DIRECTIONS: If a record holds a picture, skip the picture but print everything else exactly.

EXERCISE INPUTS:
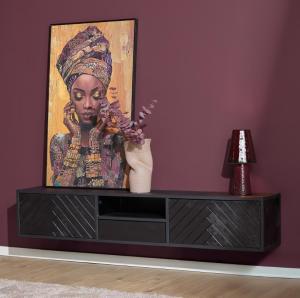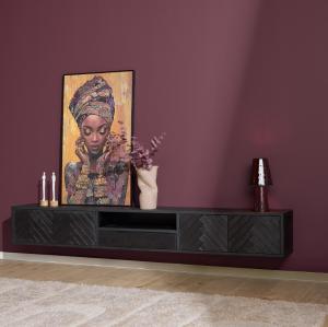 Stijlvol modern zwevend TV-meubel, een perfecte combinatie van elegantie en functionaliteit veelzijdig toe te passen in bijvoorbeeld een industrieel ingerichte en moderne woonkamers! Dit TV-meubel is gemaakt van gezandstraald massief mangohout en afgewerkt met een moderne zwarte lak. De deuren zijn voorzien van visgraatpatronen die het meubel een unieke en verfijnde look geeft, terwijl het open vak een praktische oplossing biedt om je audio apparatuur of decoratieve spullen overzichtelijk en stijlvol op te bergen en tentoon te stell...
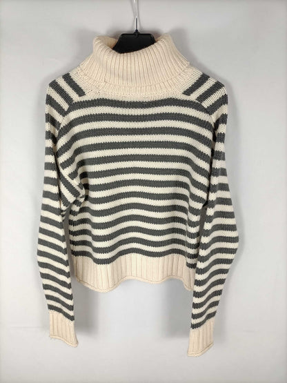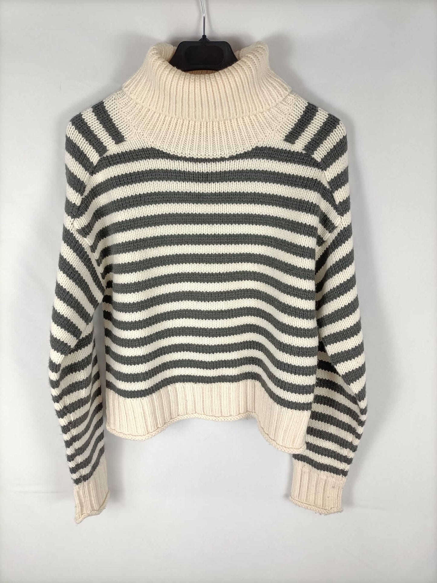 Zara. Jersey de rayas beige y gris gordito con el cielo alto. Cortito. Largo 61 cm
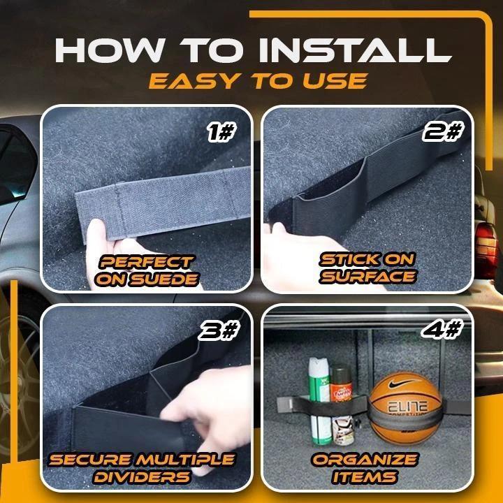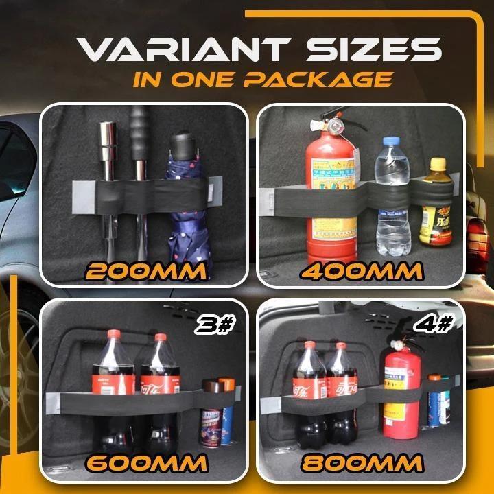 SECURE HOLD: Car Trunk Fixing Belt Storage Tapes with multiple dividers can prevent your car essentials items like fire extinguishers, First Aid Kit, and Utility equipment to be secure, prevents hitting each other that may cause damage to your car.
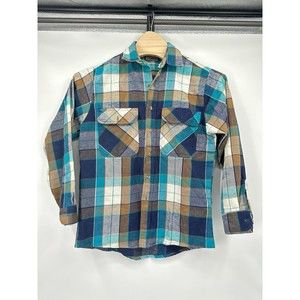Vintage Private Property Flannel Shirt Mens M Blue Green Plaid Button Up Thick
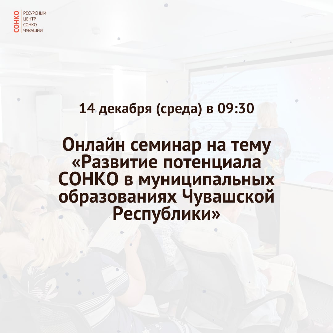 ⚡️14 декабря 2022 года в 09:30 состоится онлайн семинар на тему «Развитие потенциала СОНКО в муниципальных образованиях Чувашской Республики (включая представление результатов анализа муниципальных программ, направленных на поддержку СОНКО в Чувашской Республике)».

ANSWER SPACE:
 Stijlvol modern zwevend TV-meubel, een perfecte combinatie van elegantie en functionaliteit veelzijdig toe te passen in bijvoorbeeld een industrieel ingerichte en moderne woonkamers! Dit TV-meubel is gemaakt van gezandstraald massief mangohout en afgewerkt met een moderne zwarte lak. De deuren zijn voorzien van visgraatpatronen die het meubel een unieke en verfijnde look geeft, terwijl het open vak een praktische oplossing biedt om je audio apparatuur of decoratieve spullen overzichtelijk en stijlvol op te bergen en tentoon te stell...
 Zara. Jersey de rayas beige y gris gordito con el cielo alto. Cortito. Largo 61 cm
 SECURE HOLD: Car Trunk Fixing Belt Storage Tapes with multiple dividers can prevent your car essentials items like fire extinguishers, First Aid Kit, and Utility equipment to be secure, prevents hitting each other that may cause damage to your car.
Vintage Private Property Flannel Shirt Mens M Blue Green Plaid Button Up Thick
 ⚡️14 декабря 2022 года в 09:30 состоится онлайн семинар на тему «Развитие потенциала СОНКО в муниципальных образованиях Чувашской Республики (включая представление результатов анализа муниципальных программ, направленных на поддержку СОНКО в Чувашской Республике)».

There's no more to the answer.